### ASSIGNED TASK
From the line that contains "Loewe Anagram Buckle" down to the final line of the listing below, set down every line exactly, both ends included, and drop the pictures.

### COLLECTED MATERIAL

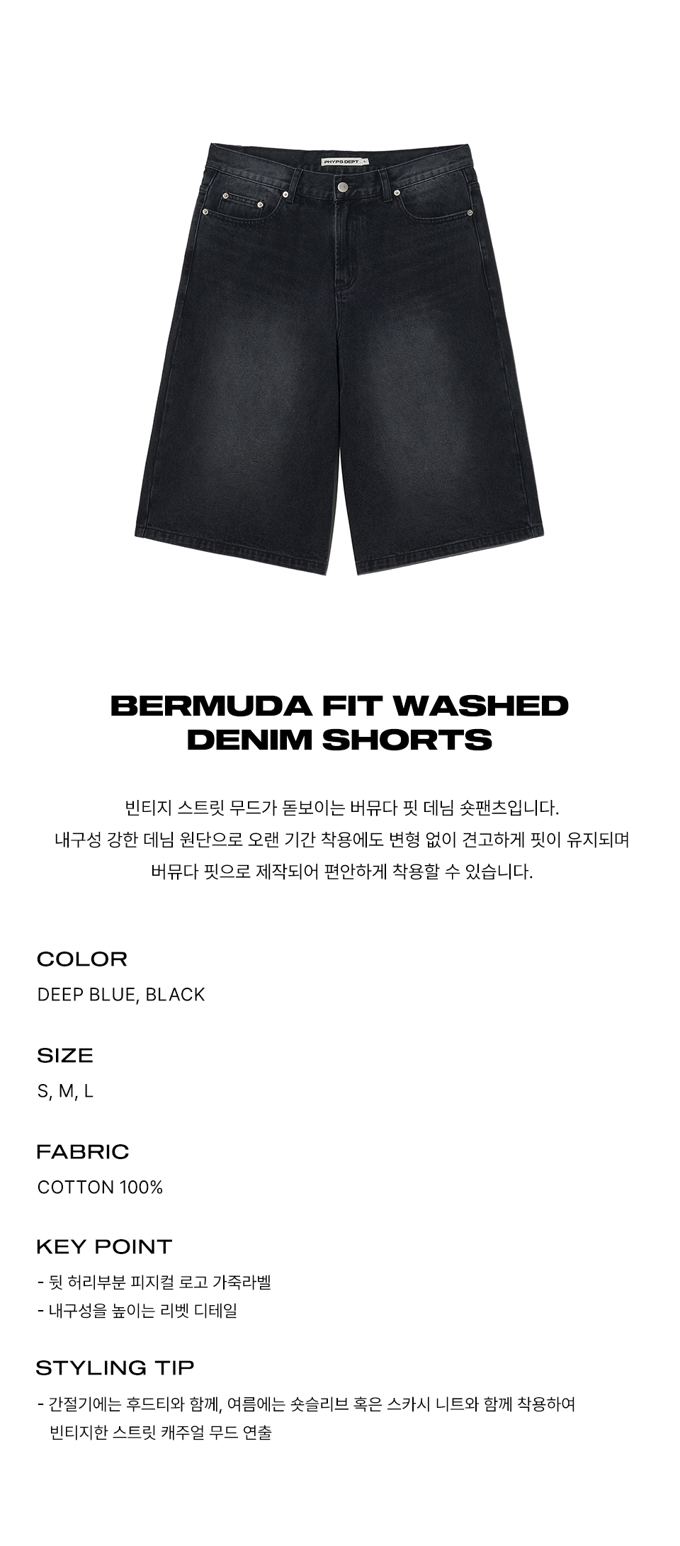 피지컬 디파트먼트 워시드 버뮤다 데님쇼츠_블랙
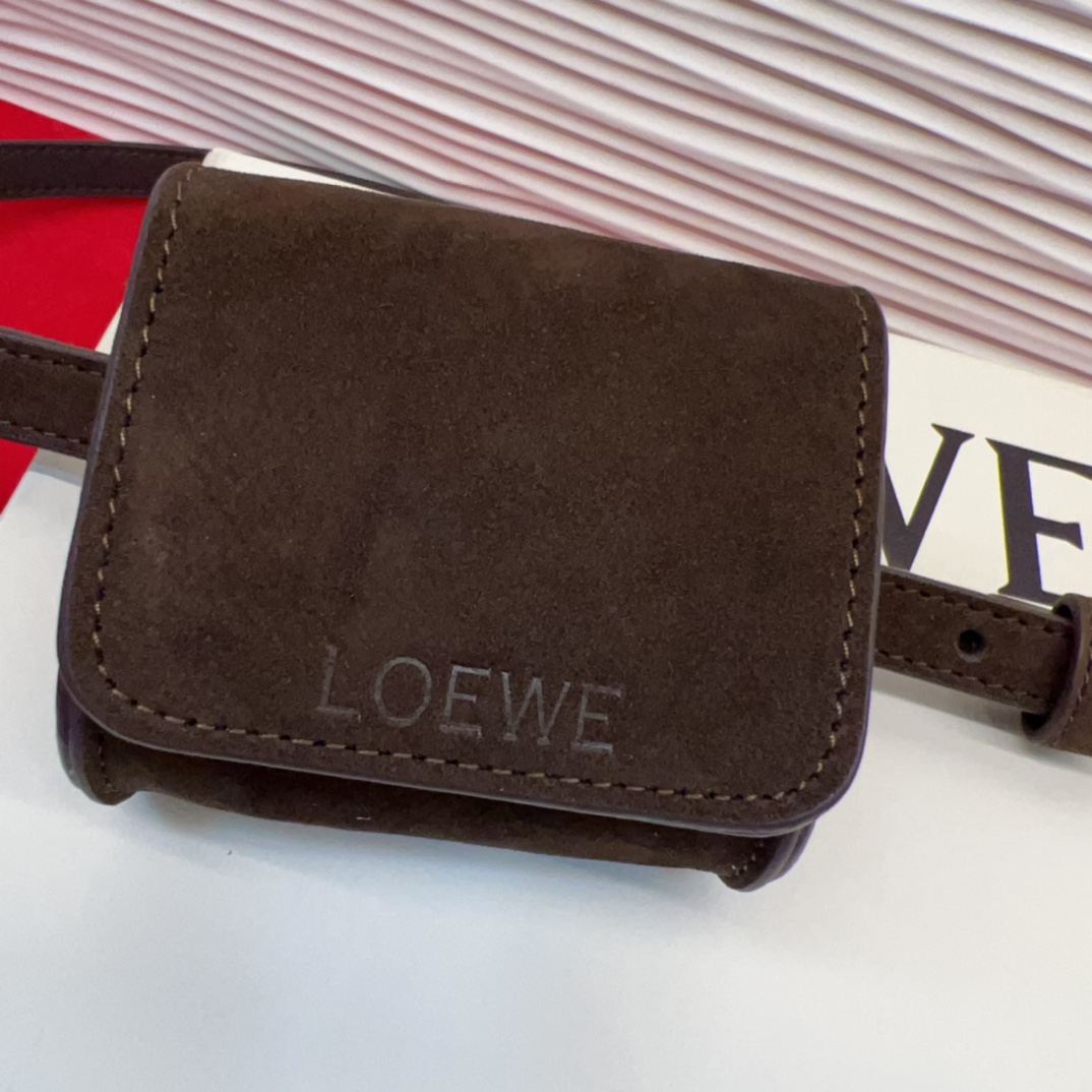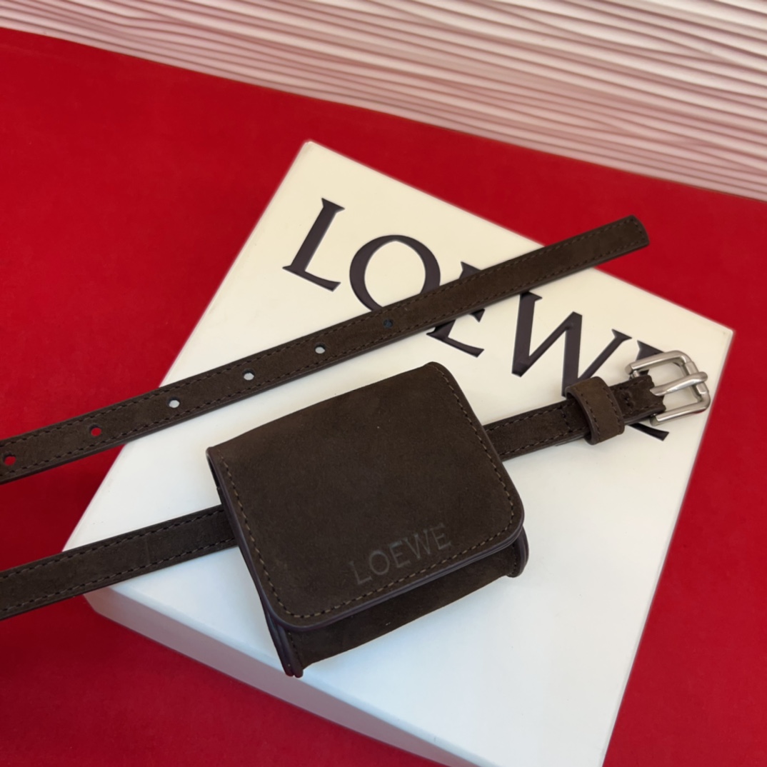 Loewe Anagram Buckle Suede Leather Belt with Pouch - Narrow Width
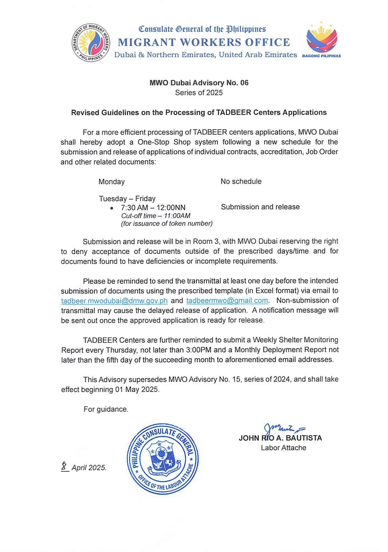 For a more efficient processing of TADBEER centers applications, MWO Dubai shall herbey adopt a One-Stop Shop systems following a new schedule for the submission and release of applications of individual contracts.
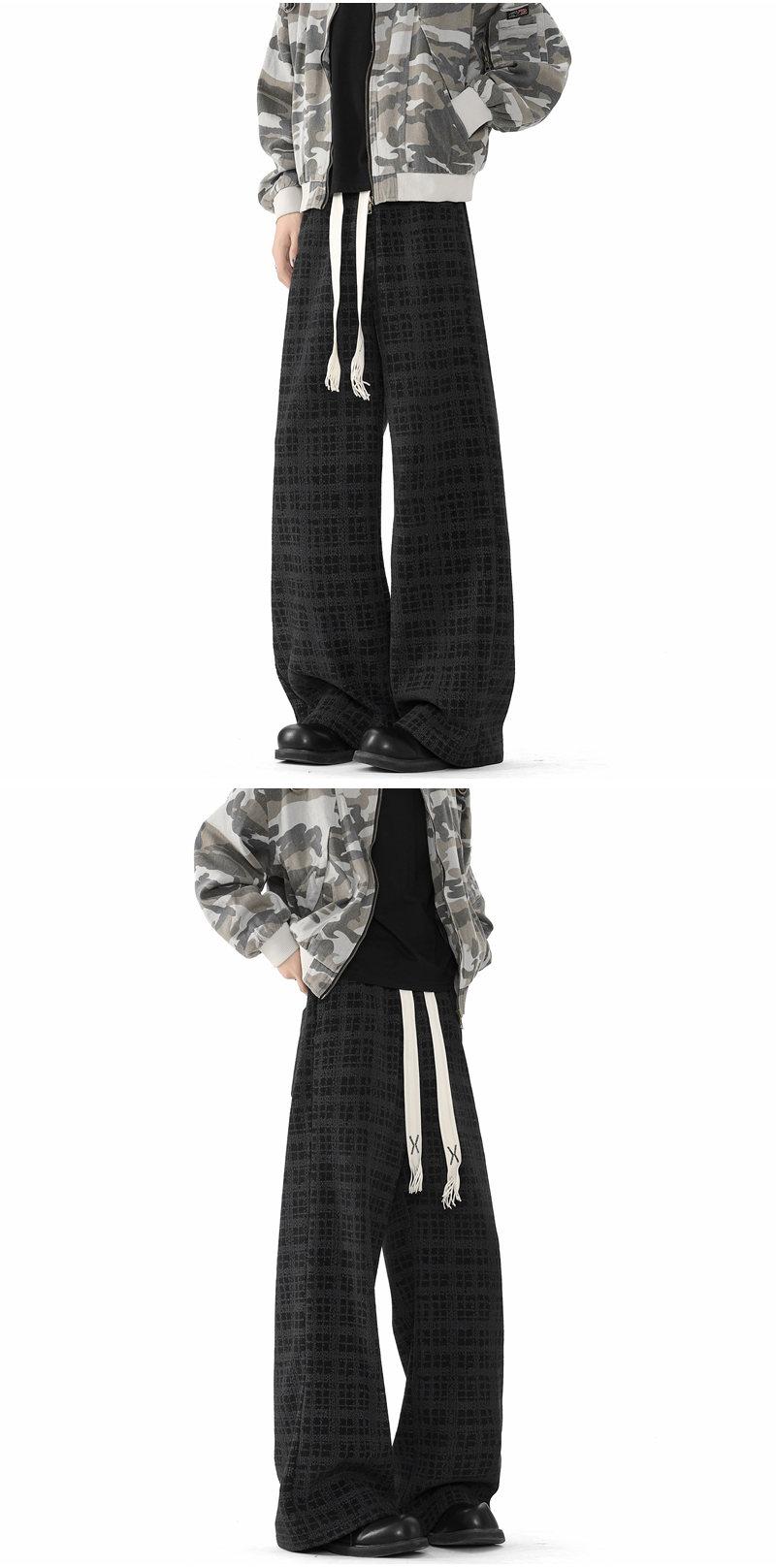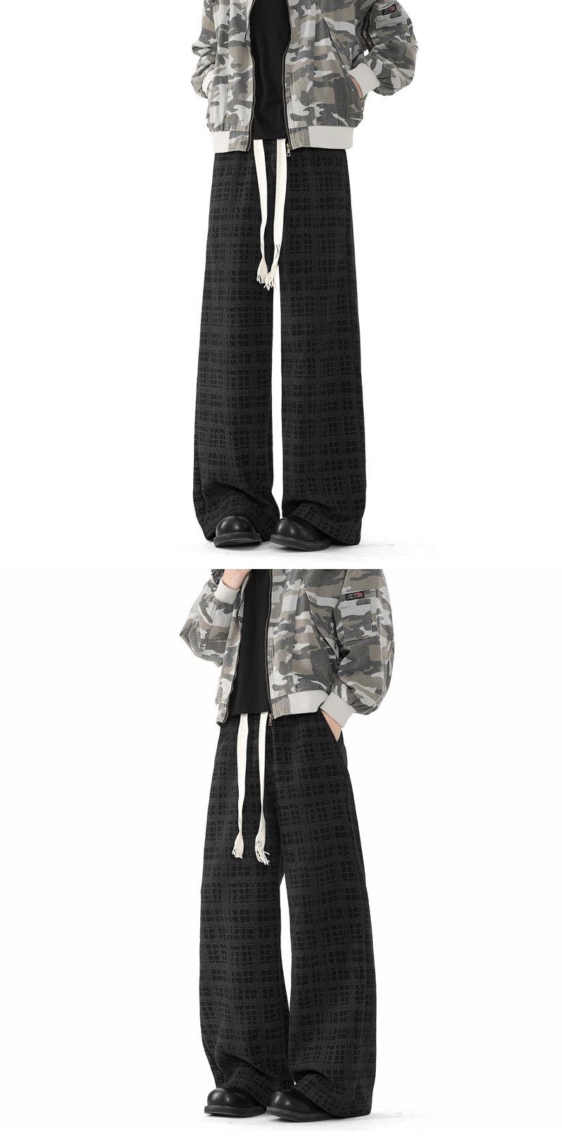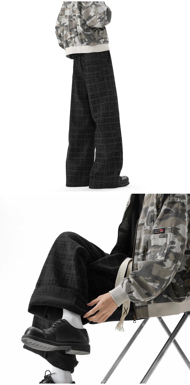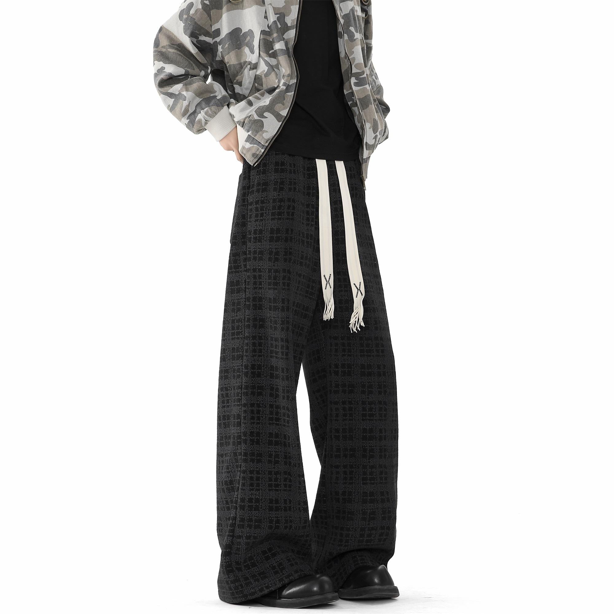 【YS2394】冬季加絨格紋褲復古百搭休閒褲

### SOLUTION FOR THIS TASK
 Loewe Anagram Buckle Suede Leather Belt with Pouch - Narrow Width
 For a more efficient processing of TADBEER centers applications, MWO Dubai shall herbey adopt a One-Stop Shop systems following a new schedule for the submission and release of applications of individual contracts.
 【YS2394】冬季加絨格紋褲復古百搭休閒褲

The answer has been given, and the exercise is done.